There is a general push in favour of greater data transparency, particularly in the EU. Clinical Trial Regulation 536/2014, which came into effect in 2019 and will apply from mid-2020, creates an EU portal for publishing data once a Marketing Authorisation Application is submitted (even if the application is ultimately refused). However, ensuring that identifying data is fully cleansed prior to publication may be difficult, particularly in relation to small data sets.

So how to balance these conflicting pressures?

Since data needs to be disaggregated to ensure fair clinical outcomes, data controllers need to find better ways of meeting the enhanced requirements of the GDPR for sensitive medical data, while ensuring that there is no compromise to the proper analysis of data.

Unfortunately there are no simple solutions to these conflicting priorities but the application of the core GDPR principles of privacy by design and default is the best place to start. At the design stage of every trial process, sponsors will need to consider each aspect from a privacy perspective, including:

  • The process they use to obtain patient consent to data processing (separate from consent to participate in a trial).
  • When to carry out Data Protection Impact Assessments and at what level of detail.
  • Whether there are procedures in place for data de-identification (removal of data which can identify individuals but lacking clinical values such as patient identifiers, free text entries or referral and other dates).
  • Whether there is a separate anonymisation process to eliminate all links between de-identified data and the original datasets from which it was drawn.

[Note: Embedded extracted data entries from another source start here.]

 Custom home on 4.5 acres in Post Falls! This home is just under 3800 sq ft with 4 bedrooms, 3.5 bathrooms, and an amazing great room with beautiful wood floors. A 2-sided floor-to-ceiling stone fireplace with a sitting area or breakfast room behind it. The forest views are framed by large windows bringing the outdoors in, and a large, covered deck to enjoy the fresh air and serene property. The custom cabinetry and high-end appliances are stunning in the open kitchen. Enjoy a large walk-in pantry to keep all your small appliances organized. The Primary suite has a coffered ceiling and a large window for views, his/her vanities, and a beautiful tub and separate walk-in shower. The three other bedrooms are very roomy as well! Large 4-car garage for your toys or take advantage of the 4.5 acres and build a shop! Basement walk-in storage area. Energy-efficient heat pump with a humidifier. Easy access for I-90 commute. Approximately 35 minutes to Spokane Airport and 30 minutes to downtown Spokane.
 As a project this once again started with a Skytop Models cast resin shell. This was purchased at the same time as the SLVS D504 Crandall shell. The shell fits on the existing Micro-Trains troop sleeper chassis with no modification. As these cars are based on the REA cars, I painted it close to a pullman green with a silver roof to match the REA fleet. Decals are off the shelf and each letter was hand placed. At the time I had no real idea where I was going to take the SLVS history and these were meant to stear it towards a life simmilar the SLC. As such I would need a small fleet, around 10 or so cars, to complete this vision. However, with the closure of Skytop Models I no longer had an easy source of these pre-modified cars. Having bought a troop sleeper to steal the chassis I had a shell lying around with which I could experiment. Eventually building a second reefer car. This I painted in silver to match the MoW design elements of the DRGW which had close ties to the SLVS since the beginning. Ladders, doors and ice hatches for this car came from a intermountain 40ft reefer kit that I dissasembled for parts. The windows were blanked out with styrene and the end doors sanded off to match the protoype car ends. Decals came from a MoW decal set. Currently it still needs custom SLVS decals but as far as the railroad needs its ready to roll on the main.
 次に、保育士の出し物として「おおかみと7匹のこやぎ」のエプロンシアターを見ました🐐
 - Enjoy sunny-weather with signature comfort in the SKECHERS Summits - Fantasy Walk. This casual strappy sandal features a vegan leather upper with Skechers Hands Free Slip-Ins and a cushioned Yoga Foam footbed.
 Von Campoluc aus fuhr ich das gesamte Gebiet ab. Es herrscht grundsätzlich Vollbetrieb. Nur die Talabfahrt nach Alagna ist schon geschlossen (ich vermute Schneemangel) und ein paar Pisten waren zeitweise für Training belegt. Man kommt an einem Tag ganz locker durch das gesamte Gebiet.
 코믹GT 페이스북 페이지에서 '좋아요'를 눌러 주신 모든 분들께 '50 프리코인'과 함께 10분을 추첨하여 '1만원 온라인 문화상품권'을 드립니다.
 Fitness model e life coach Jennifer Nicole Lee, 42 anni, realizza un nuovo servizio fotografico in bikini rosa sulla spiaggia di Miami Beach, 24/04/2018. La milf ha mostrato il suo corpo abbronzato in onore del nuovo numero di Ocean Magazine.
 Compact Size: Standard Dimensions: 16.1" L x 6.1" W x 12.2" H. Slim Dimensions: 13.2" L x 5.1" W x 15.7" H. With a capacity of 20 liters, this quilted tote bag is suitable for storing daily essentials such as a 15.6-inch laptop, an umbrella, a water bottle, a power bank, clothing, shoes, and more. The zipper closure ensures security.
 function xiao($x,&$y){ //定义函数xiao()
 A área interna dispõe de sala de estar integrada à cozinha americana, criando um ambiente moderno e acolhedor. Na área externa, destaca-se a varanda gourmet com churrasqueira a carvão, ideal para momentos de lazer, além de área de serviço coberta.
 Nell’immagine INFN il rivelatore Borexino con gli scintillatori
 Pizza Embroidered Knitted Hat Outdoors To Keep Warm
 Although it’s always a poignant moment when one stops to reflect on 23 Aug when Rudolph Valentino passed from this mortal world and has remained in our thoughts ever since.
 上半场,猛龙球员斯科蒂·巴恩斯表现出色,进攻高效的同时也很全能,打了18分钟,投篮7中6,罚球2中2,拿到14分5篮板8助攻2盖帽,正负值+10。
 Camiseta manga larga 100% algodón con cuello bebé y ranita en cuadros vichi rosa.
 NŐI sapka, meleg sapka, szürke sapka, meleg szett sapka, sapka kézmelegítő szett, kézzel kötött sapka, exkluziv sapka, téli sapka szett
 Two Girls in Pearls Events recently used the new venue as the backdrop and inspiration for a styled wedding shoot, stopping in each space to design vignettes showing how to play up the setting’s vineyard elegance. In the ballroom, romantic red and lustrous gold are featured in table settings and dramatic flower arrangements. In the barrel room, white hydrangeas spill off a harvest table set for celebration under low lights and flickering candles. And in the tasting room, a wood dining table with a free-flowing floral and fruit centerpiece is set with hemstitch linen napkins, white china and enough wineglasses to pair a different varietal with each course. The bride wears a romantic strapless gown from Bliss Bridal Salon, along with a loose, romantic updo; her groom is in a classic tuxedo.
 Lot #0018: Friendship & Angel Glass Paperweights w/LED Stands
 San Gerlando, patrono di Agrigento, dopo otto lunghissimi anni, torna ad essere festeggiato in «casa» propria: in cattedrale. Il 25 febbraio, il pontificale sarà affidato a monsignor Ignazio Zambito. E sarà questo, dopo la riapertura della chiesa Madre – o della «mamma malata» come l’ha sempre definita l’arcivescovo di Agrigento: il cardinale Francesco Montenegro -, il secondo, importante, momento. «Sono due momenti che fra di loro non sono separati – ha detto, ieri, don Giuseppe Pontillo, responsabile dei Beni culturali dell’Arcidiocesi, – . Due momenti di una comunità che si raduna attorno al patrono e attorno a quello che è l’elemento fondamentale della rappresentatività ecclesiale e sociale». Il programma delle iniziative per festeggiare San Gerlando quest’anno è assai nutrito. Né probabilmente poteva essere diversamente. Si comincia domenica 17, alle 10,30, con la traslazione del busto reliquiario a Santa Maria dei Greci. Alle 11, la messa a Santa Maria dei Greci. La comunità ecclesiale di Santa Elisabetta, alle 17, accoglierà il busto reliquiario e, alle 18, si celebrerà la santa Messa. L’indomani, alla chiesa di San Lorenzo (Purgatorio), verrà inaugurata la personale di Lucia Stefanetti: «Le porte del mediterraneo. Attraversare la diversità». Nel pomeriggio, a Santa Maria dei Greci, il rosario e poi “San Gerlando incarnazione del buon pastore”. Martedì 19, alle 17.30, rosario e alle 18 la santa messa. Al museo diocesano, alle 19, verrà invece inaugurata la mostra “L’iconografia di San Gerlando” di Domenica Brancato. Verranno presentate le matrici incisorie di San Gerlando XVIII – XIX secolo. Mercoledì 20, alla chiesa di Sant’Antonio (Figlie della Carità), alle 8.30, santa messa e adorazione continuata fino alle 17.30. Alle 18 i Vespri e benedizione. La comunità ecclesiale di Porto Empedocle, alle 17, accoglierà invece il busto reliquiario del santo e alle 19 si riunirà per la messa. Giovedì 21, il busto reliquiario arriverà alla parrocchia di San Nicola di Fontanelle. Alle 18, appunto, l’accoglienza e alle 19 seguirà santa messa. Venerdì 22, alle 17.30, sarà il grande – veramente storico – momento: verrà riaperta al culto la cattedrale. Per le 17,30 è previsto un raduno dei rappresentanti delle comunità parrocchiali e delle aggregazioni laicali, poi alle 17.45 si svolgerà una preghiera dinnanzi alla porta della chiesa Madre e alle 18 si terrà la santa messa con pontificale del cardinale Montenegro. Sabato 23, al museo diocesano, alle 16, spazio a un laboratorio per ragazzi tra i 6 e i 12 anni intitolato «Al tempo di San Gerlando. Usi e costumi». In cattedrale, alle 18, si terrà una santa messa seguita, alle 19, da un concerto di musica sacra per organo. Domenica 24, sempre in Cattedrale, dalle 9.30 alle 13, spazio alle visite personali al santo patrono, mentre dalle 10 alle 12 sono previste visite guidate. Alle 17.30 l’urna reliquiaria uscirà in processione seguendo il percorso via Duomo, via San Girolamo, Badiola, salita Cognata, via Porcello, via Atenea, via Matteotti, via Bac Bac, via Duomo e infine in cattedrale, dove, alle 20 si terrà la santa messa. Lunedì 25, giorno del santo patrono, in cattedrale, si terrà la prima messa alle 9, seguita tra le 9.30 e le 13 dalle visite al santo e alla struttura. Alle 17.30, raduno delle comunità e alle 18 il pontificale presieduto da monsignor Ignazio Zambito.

When determining what data to collect and what to exclude, it is important to remember that even indirect identifiers such as a date of birth or height and weight data can, when combined in small enough datasets, lead to patient identification, so the size of the trial or study will be an important factor in determining the best course of action.

Representation as a solution?

Of course one way to avoid the inadvertent processing of data that is insufficiently anonymised because of sex-based disaggregation is to ensure greater representation for women in clinical trials in the first place. The inherent risk in disaggregating the data of 100 people on the basis of sex is obviously much lower if the people include 50 women rather than 5. In some jurisdictions, clinical testing regulations restrict testing of certain products and drugs on women of childbearing age and it is often harder to recruit women for clinical trials.

In the absence of rapid change in female representation in drug and medical device testing, proper analysis of the data that is gathered and the differences based on sex will be the next best thing. While there may be a temptation to resist such improvements under the pretext of GDPR requirements, proper trial planning should mean that the aims of better data and fairer data processing are far from incompatible.